- Data shown:
--------

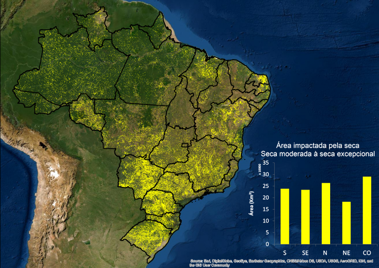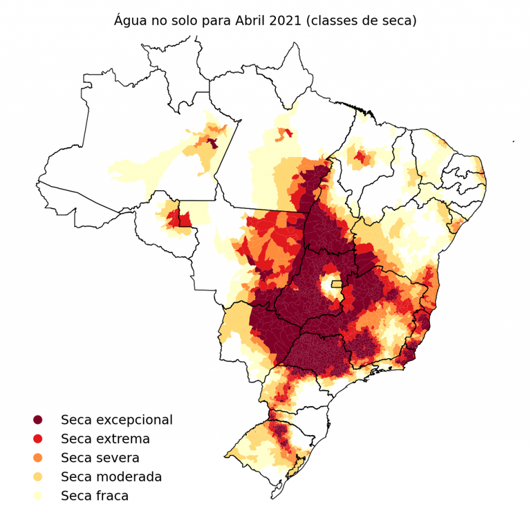 As classes de seca baseadas na umidade do solo para o mês de abril de 2021 são mostradas na Figura. Os estados mais afetados com seca excepcional são Pará, Mato Grosso, Tocantins e Goiás. Adicionalmente, partes de São Paulo, Minas Gerais, Rio de Janeiro, Espírito Santo, Mato Grosso do Sul e Bahia também apresentaram baixos níveis de água no solo e seca excepcional.
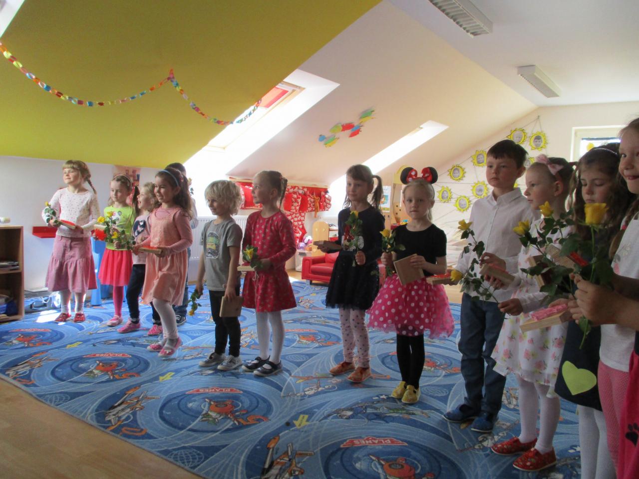 Ve čtvrtek 5. 5. 2022 jsme uvítali rodiče na besídce ke Dni matek. Děti si připravily vystoupení s básničkami, tancem, písničkami a hrou na hudební trubky. Na závěr předaly svým maminkám kytičku a vlastnoručně vyrobené srdíčko. Během celého týdne jsme se věnovali tématu - Maminky mají svátek.
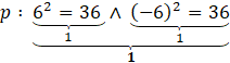 Używając symboli matematycznych zapisz zdanie Kwadrat liczby 6 jest równy 36 i kwadrat liczby (-6) jest równy 36, a następnie oceń jego wartość logiczną.
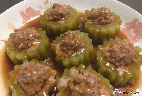 5.將焯好的苦瓜取出放入冰水中浸泡(這樣可以更好的保持苦瓜的綠色)6.將肉餡塞入苦瓜,壓緊後上鍋大火蒸十分鐘
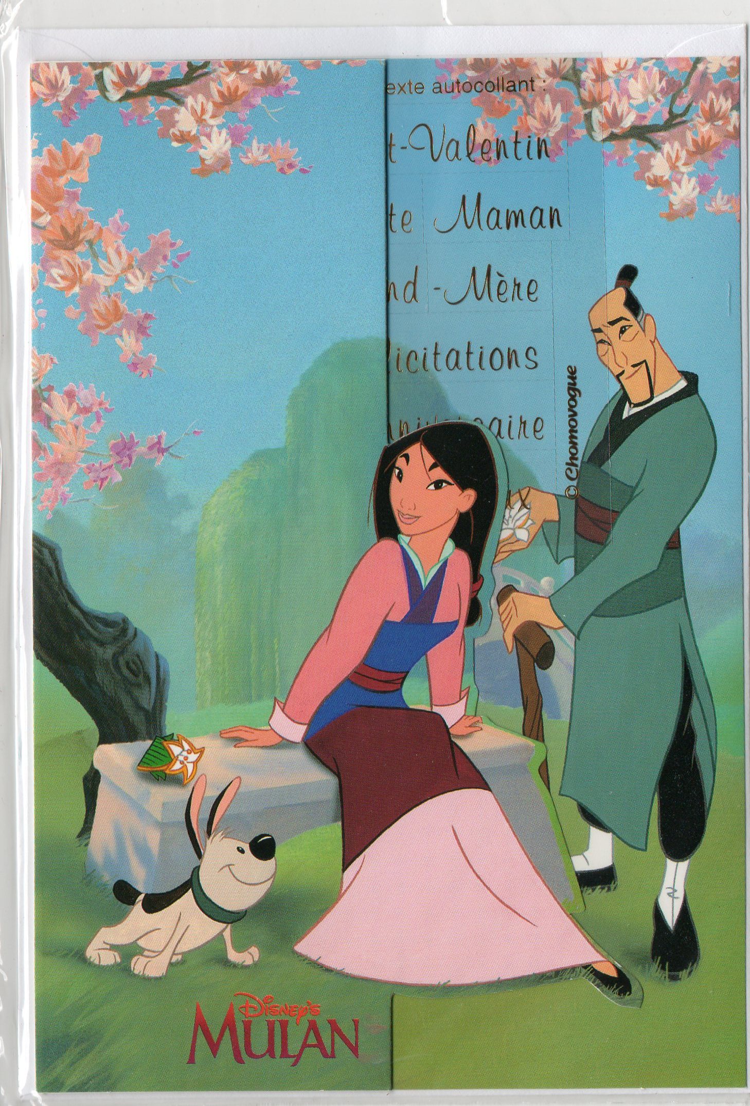 Carte félicitation Disney + enveloppe : Mulan et son père - Carterie (49)

--------

- Task item: Transcribe only the lines between the line containing "Używając symboli matematycznych" and the final line of the listing, inclusive, exactly as they appear; no pictures are to be included.

- Solution:
 Używając symboli matematycznych zapisz zdanie Kwadrat liczby 6 jest równy 36 i kwadrat liczby (-6) jest równy 36, a następnie oceń jego wartość logiczną.
 5.將焯好的苦瓜取出放入冰水中浸泡(這樣可以更好的保持苦瓜的綠色)6.將肉餡塞入苦瓜,壓緊後上鍋大火蒸十分鐘
 Carte félicitation Disney + enveloppe : Mulan et son père - Carterie (49)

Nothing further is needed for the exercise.